Op het einde van je les hoort de beginsituatie anders te zijn! (want hebben tegen dan al
bijgeleerd!)
“Ieder onderwijsleerproces kent een vertrekpunt en een te realiseren doelstelling. Normaliter
bestaat er een kloof tussen dit doel en de beginsituatie van de leerlingen. Door middel van het
onderwijsleerproces wil men de kloof overbruggen.”
Beginsituatie DOEL
Onderwijsleerproces
Onderwijsleersituatie
1) Mens- en maatschappijbeeld
Als wij mensen maatschappijbeeld hebben waar dat het
eigenlijk heel normaal is dat ouderen zo veel mogelijk nog
zelfstandig gaan worden, gaat ook wel meespelen in de zaken
die jij als therapeut met die ouderen wil of moet gaan bereiken.
2) Algemene doelen
Bv.

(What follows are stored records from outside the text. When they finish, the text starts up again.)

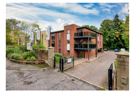
18 Thorneycroft, Wood Road, Tettenhall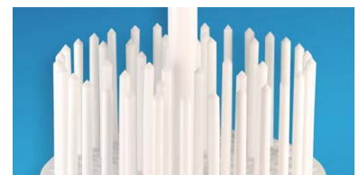
Part T03-7868: 48 additional PTFE rods, height: 120 mm (tray not included)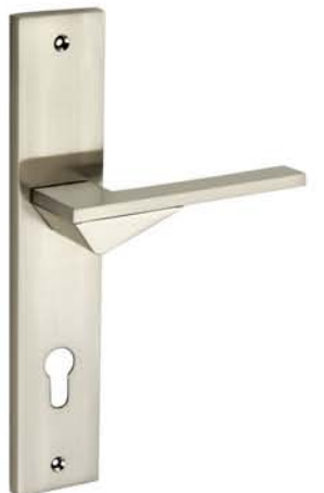
ZN2734 Finish : SS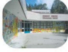
14 Forest Grove Elementary 8525 Forest Grove Dr. Burnaby, BC V5A 4H5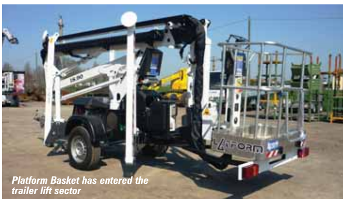
Platform Basket has entered the trailer lift sector

Over the past year or two, Cranes&Access has been predicting the rise and rise of the spider lift as the access industry's 'jack of all trades', and increasing sales figures certainly appear to back this up. Yes its crawler undercarriage and often narrow dimensions can get the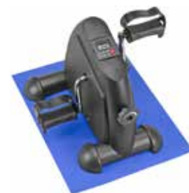
Pedal Exerciser, Deluxe Item No. 2340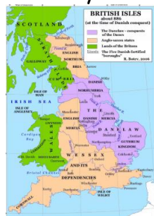
Areas that Vikings ruled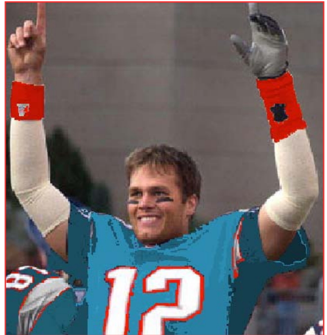
Florida quarterback, Tom Brady. Will he tire out his arms celebrating in 2008?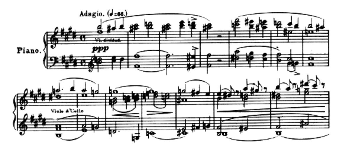
Ex. 1. Giuseppe Verdi, La Traviata , Act I, Prelude.

appointed [...] lounge"; the adverb merely changes from "perfectly" to "admirably", which remains very close in meaning. The first sentences in each opening are built along a chiasmus: the first sentence in Some Do Not... starts with "the two young men [...] sat" and then mentions the location; the opening in No More Parades begins with the location before stating Sylvia's position: "Sylvia Tietjens sat". The second incipit is thus built as a symmetrical reflection of the first one – a notion further sustained by the mention of many mirrors in both passages. However, the reflection is radically altered if one considers the contexts in which each incipit takes place: England in 1912 in the case of the first, France in 1917 for the second, just a few kilometres from the front. The recurrence of the same themes therefore takes place in two drastically different contexts. In this respect, these two incipits may bring to mind opera overtures, which introduce and highlight the action on stage. In Verdi's La Traviata , for example, we find the very same melodic line in the first nine bars of Act I and Act III – the prelude to Act III being set just a half-tone above that of Act I, and the tonality thus shifting from C# minor in the prelude to Act I, to D minor in the prelude to act III.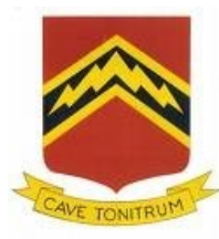
Left to right: 386 Bombardment Group; 354 Fighter Group; 56th Fighter Group;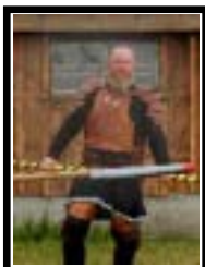
Armoured Combat Wulfric of The Blackwood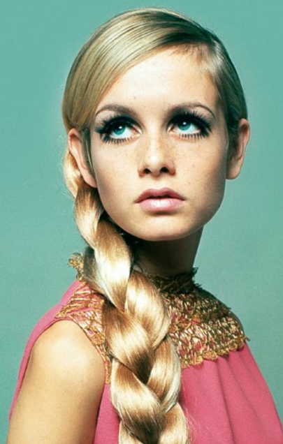
Twiggy, Dir. Sadie Frost, Studio Soho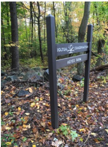
1 Keyes Farm trailhead

Keyes Farm Conservation land: This property is accessed from Hudson Rd./Route 85. The trail is a loop with an approach through woodland. The path crosses the same gas pipeline as the Danforth Brook Trail, but further to the northwest.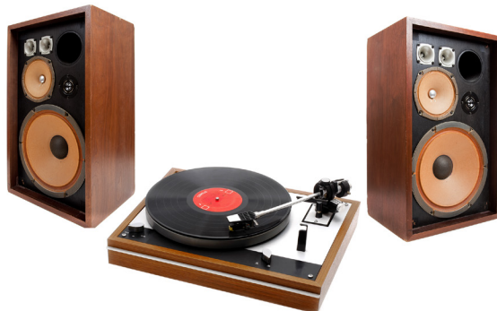
1950s: Stereophonic-sound technology arrives, allowing music to “surround” the listener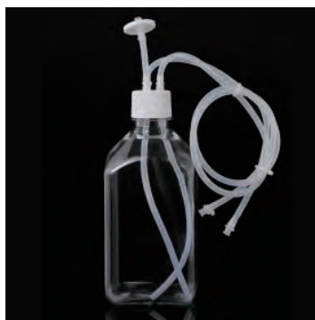
Closed System Solution(3-Port Transfer Cap)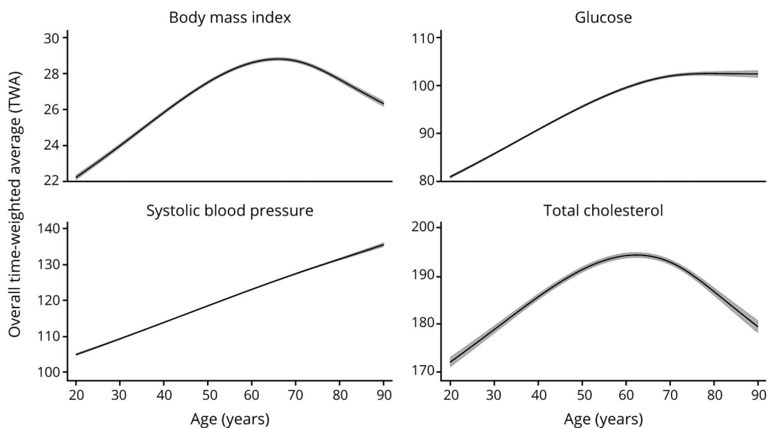
Figure 1 Life Course Modeled Trajectories of Cardiovascular Risk Factors

Trajectories of the overall average with 95% confidence intervals in gray shaded areas.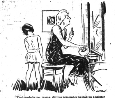
"That reminds me, mama, did you remember to look up a painter and decorator in the telephone directory Yellow Pages?"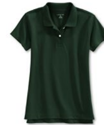
Evergreen Long or Short Sleeve Polo

Ervoor zorgen dat een ouder persoon nog zelfstandig kan blijven wonen na een heupfractuur
3) Doelen
Bv. Werken aan evenwicht, kracht, lenigheid, … zodat het oudje kan blijven alleen wonen
ASPECTEN die de beginsituatie mede bepalen
Materiaal
Groepssfeer
Accommodatie
Groepsgrootte
Achtergrond / beperking leerlingen
Motivatie + zelfstandigheid
Leerstijl
Positie in de groep
2
,INDELING beginsituatie
1 / Indeling volgens middelen / tijd / mensen / ruimte
2 / Indeling volgens constante factoren / actuele gegevens van groep en van de
individuele kinderen
Constante factoren :
A) Lesgever
= Jouw kennen/kunnen als lesgever
Eigen kunnen (sterktes/zwaktes) / Pedagogische kwaliteiten / Organisatorische kwaliteiten /
Ervaring / onderwijsvisie / Leerstijl (zie verder) / …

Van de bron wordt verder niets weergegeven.